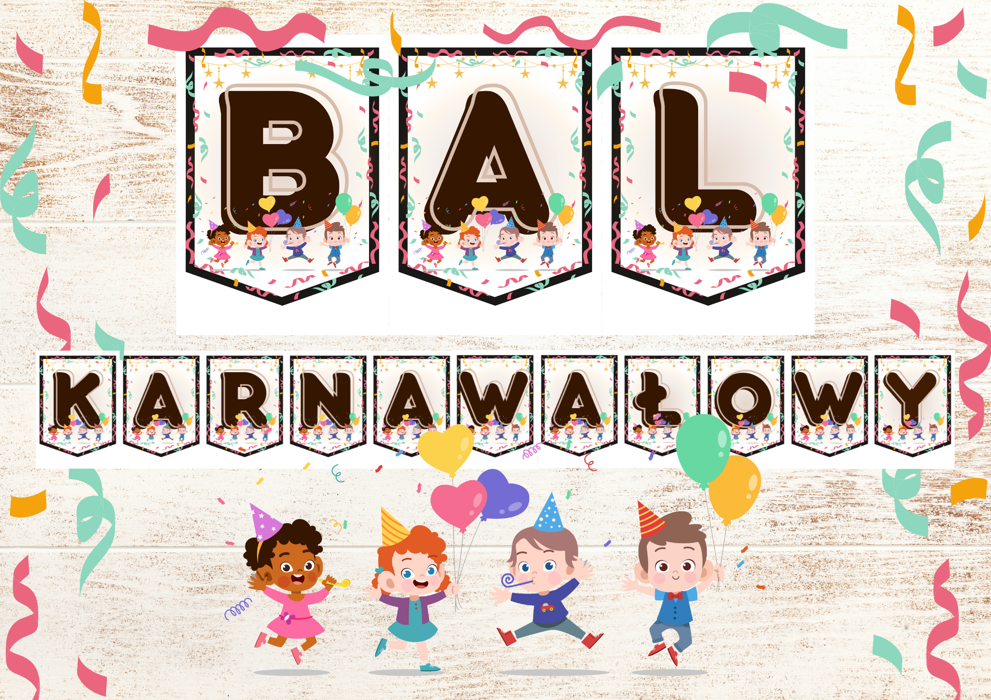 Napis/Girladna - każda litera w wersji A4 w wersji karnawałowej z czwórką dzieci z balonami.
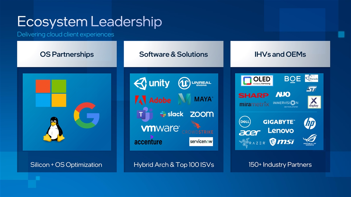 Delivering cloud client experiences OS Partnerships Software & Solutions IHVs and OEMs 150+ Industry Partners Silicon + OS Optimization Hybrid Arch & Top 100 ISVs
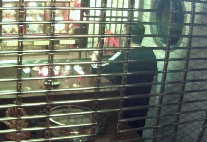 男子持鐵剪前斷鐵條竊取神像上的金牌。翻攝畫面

+ + + +

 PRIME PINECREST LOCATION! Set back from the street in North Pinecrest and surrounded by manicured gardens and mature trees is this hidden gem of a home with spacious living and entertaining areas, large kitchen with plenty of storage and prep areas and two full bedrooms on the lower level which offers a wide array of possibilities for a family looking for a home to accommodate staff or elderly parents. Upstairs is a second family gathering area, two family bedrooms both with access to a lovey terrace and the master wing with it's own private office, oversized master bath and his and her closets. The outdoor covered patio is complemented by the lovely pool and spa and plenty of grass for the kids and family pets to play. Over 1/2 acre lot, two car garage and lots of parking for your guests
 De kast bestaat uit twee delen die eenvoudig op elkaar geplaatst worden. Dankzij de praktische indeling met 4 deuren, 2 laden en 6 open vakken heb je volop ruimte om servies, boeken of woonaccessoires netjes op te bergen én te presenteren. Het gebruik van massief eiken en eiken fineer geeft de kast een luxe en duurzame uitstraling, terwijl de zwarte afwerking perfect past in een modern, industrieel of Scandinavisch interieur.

+ + + +

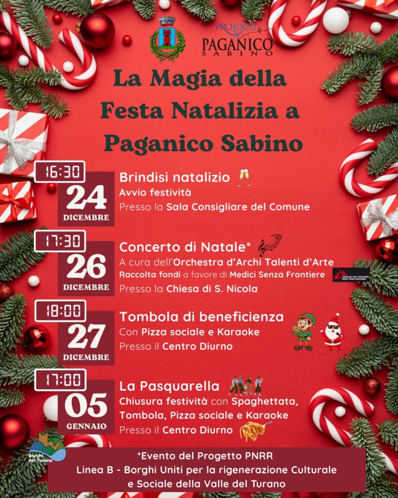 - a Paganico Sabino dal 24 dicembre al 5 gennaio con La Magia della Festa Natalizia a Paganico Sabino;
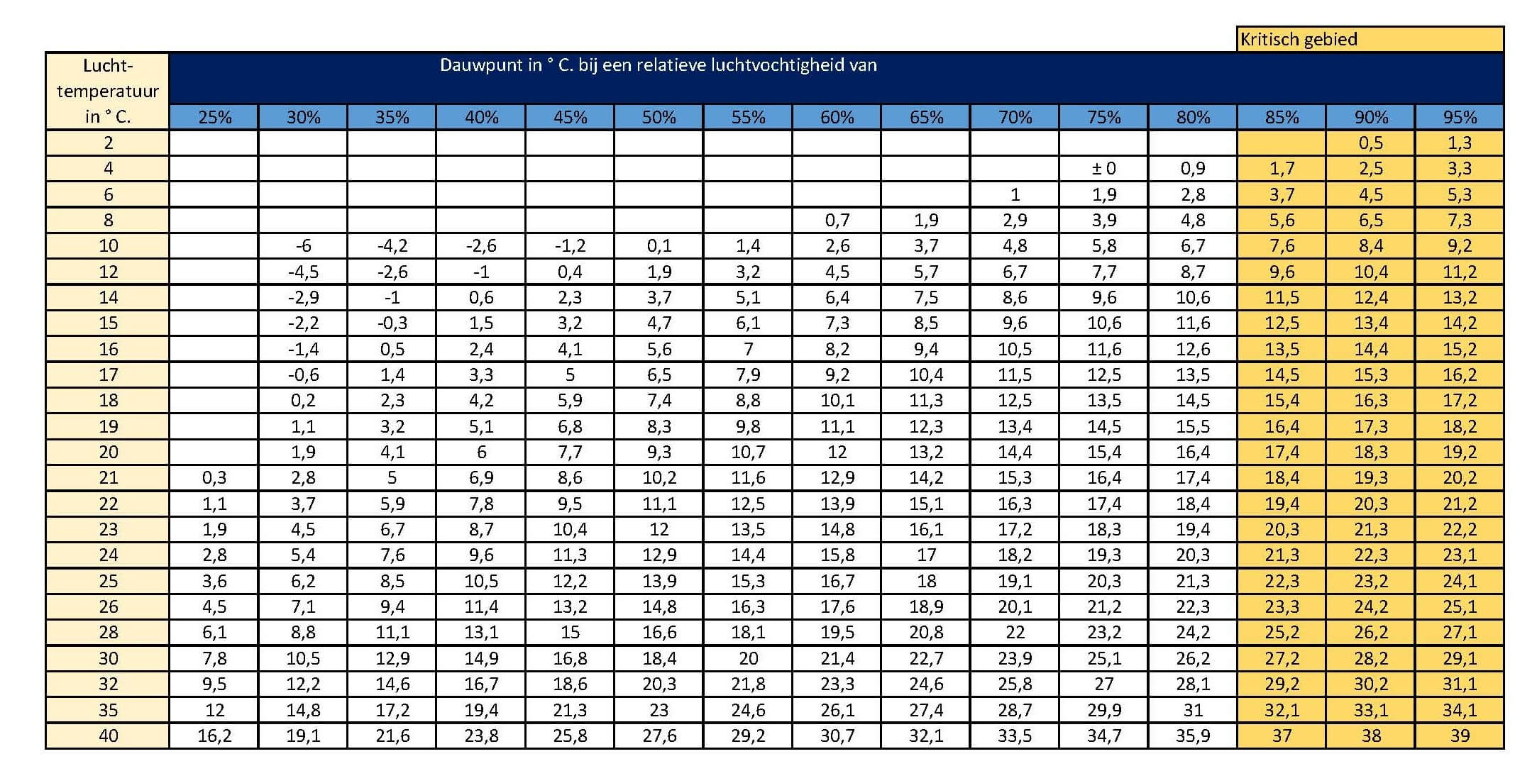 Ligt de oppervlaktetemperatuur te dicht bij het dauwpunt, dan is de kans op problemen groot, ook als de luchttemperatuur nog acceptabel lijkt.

+ + + +

EXERCISE DESCRIPTION: Everything above from the line with "- a Paganico" through the line with "Ligt de oppervlaktetemperatuur" should be retyped exactly, and nothing else; omit pictures.

WRITTEN REPLY:
 - a Paganico Sabino dal 24 dicembre al 5 gennaio con La Magia della Festa Natalizia a Paganico Sabino;
 Ligt de oppervlaktetemperatuur te dicht bij het dauwpunt, dan is de kans op problemen groot, ook als de luchttemperatuur nog acceptabel lijkt.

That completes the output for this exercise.